WHAT DO WE LEAVE WHEN WE LEAVE THINGS BEHIND?
The rain was still at least ninety miles away, down below the Mexican border, but Ernie knew the storm was coming. He could smell it and see it in the gusts of wind that blew through the neighborhood, raising clouds of dust that whirled around the corners of the brick houses and along the narrow alleyways.
His pickup truck jostled along, and Ernie leaned toward the windshield, trying to see the street through all the dirt and scratches. Even as he watched, the wind was picking away at what little paint was left on the hood. The transmission squealed as if it were about to seize up, the brakes felt like sponges, and Ernie wondered how much longer he could keep the old truck running.
As he passed the neighborhood center, a group of teenaged girls ambled across the road in front of him, heading back from the Sonic drive-in across the street. He turned south, passed the newly-whitewashed church, the elementary school, and the tiny park where a woman sat on the bottom of the slide, watching her children on the roundabout.
To his right, the domes of the new movie theater rose where the screens of the drive-in used to be.

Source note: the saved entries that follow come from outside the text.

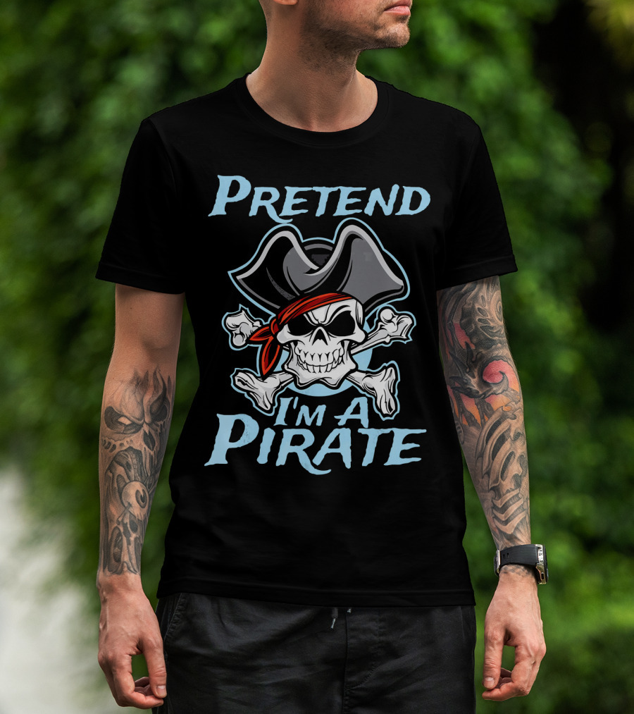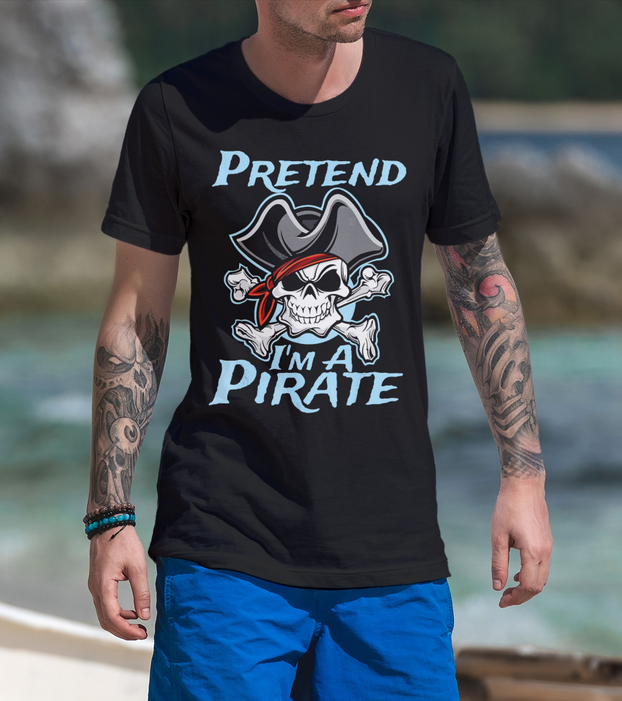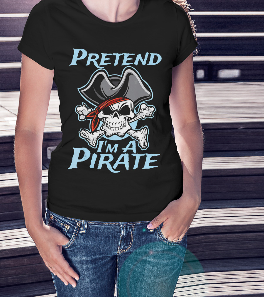 Pretend I'm A Pirate Skull Crossbones Hat Halloween Pirate Day T-Shirt
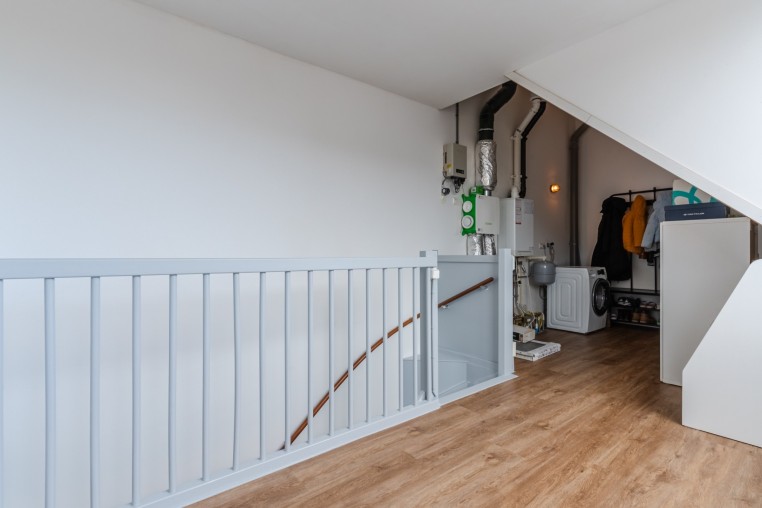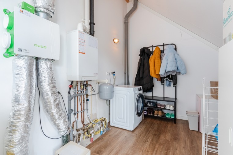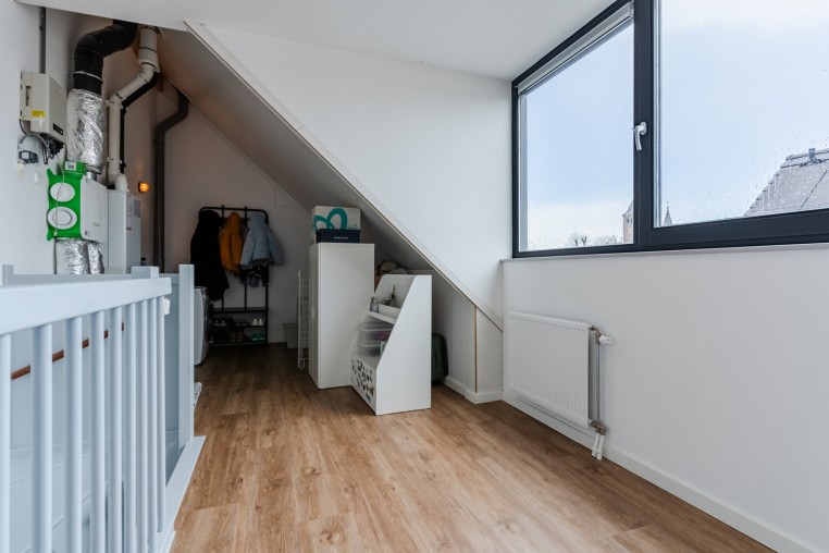 Bereikbaar middels vaste trap, royale voorzolder met klik-PVC, grote dakkapel, omvormer t.b.v. zonnepanelen, combi-ketel (Intergas HRE, ± 2019) unit t.b.v. mechanische ventilatie, aansluiting wasmachine en afvoer droger.
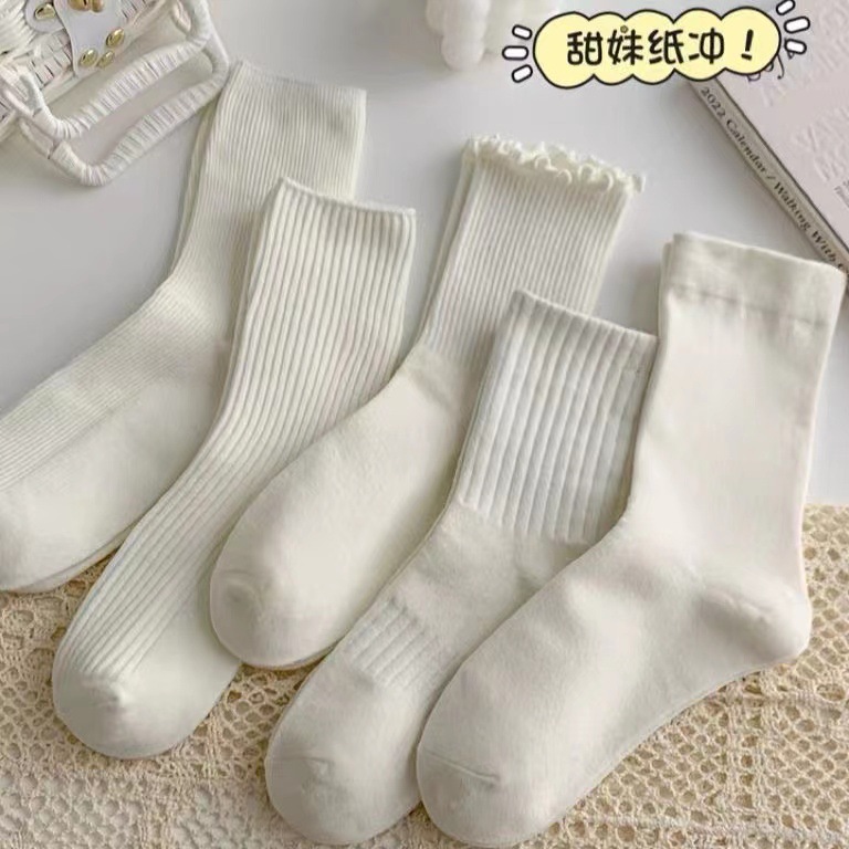 흰색 말뚝 양말 어린이 미드 튜브 양말 가을과 겨울 jk 메리 제인 우드 이어 에지 봄과 가을 뼈없는 달 스타킹스토어 가기
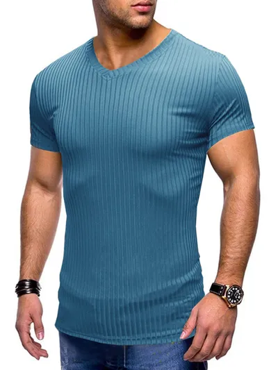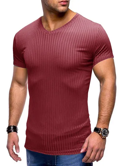 Men's Ribbed Short Sleeve Slim Fit T-Shirt
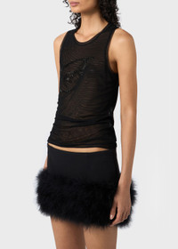 TULLE TOP WITH EMBROIDERY RHINESTONE B MONOGRAM
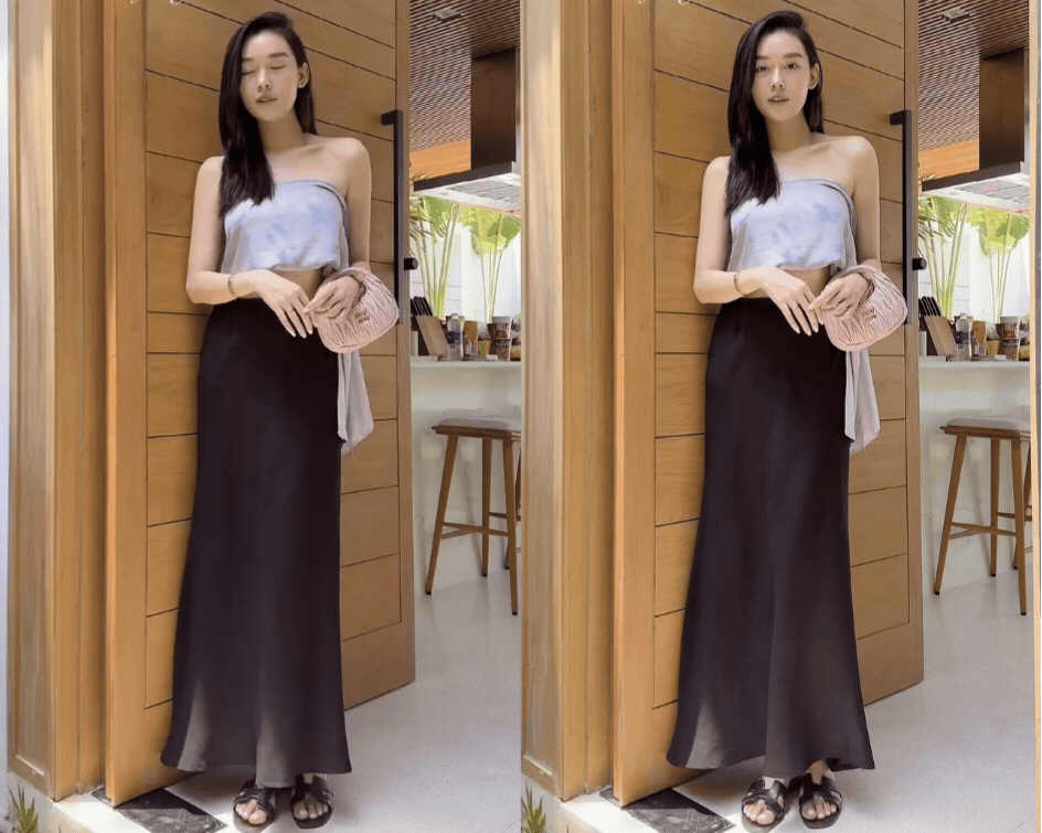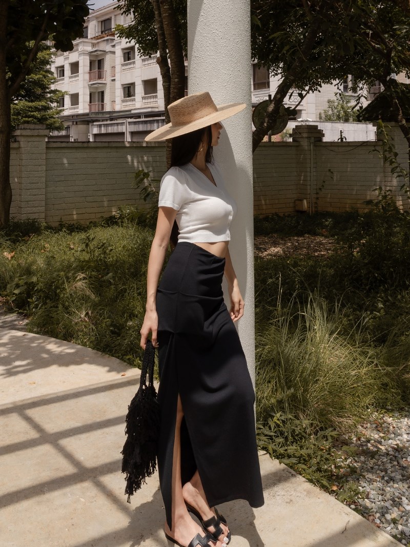 Dù rất đơn giản, outfit gồm áo crop top trắng và chân váy lụa đen vẫn rất nổi bật. Công thức này nữ tính nhưng không kém phần bay bổng, sang xịn mịn. Để hoàn thiện bộ cánh đúng chất đi du lịch, chị em nên tô điểm mũ cói, khuyên tai tròn và đi dép lê.
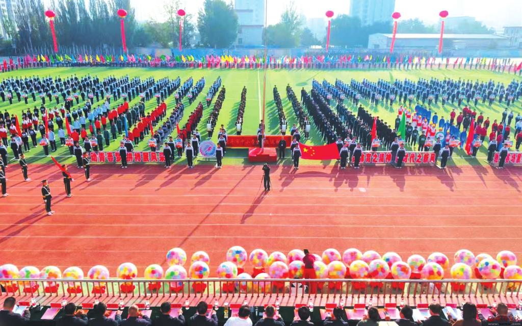 9月28日,原平市范亭中學(xué)校運動場上彩旗招展、鼓樂喧天,該市中小學(xué)秋季田徑運動會開幕,有小學(xué)、初中、高中的38支代表隊共3000余人參加了開幕式。圖為開幕式現(xiàn)場。(吉建平攝)
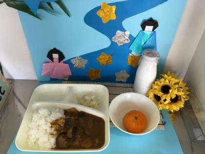 本日の給食は、「夏野菜のカレーライス、キャベツのサラダ、みかん(冷)、牛乳」でした。
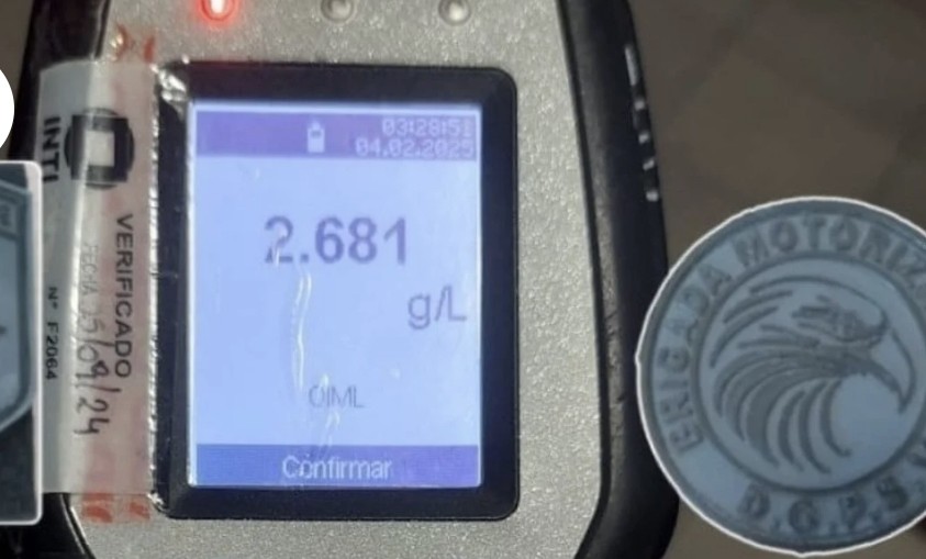 Al realizar el control de alcoholemia, el conductor arrojó un resultado alarmante: 2.68 g/l de alcohol en sangre, cifra que supera ampliamente el límite permitido por la ley nacional, que establece tolerancia cero para conductores de vehículos en este tipo de situaciones.
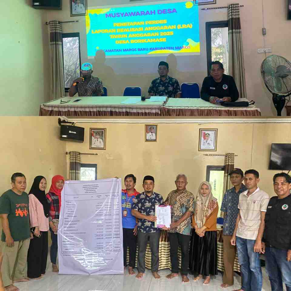 Maros,Borikamase,iNews07.Com – Pemerintah Desa Borikamase menggelar Musyawarah Desa (Musdes) Penetapan Laporan Realisasi Anggaran Tahun Anggaran 2025 yang berlangsung di Aula Kantor Desa Borikamase, Jumat (13/3/2026). Kegiatan ini difasilitasi oleh Badan Permusyawaratan Desa (BPD) sebagai bentuk pelaksanaan fungsi pengawasan serta upaya mewujudkan transparansi dalam penyelenggaraan pemerintahan desa.
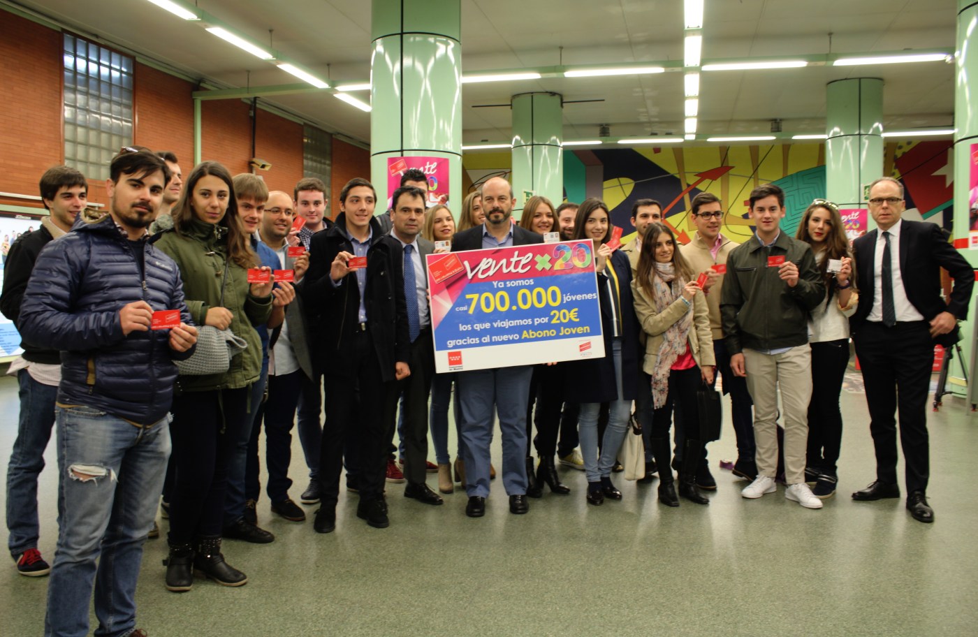 En la mañana de hoy, el Consejero de Transportes, Vivienda e Infraestructuras de la Comunidad de Madrid, Pedro Rollán; ha presentado, en la estación de Ciudad Universitaria, el aumento del número de jóvenes que disfrutan del nuevo Abono Joven con su tarifa plana hasta los 26 años. El consejero ha estado acompañado del consejero de Transportes, Juan Ignacio Merino de Mesa; el consejero delegado Metro de Madrid, Juan Bravo Rivera.

He could remember years ago being hoisted onto the roof of the family’s three-room house by his brothers and sitting there, watching the actors stride like giants across the screens while the boys made up stories and put words in their mouths. Now it was a multiplex; twelve theaters in one giant, air-conditioned building, the movies hoarded and secret.
A couple of blocks more, and he drove up alongside Addie’s house, almost hidden by the balls of still-green tumbleweed that choked her chain-link fence. He pulled into the yard, mashed on the brake, and the motor died, but the truck kept rolling. Kind of like a snake with its head chopped off, he thought. Pulling back on the hand brake, he slowed the truck to a standstill. When he pushed open the door, it screeched like a cat with a stepped-on tail.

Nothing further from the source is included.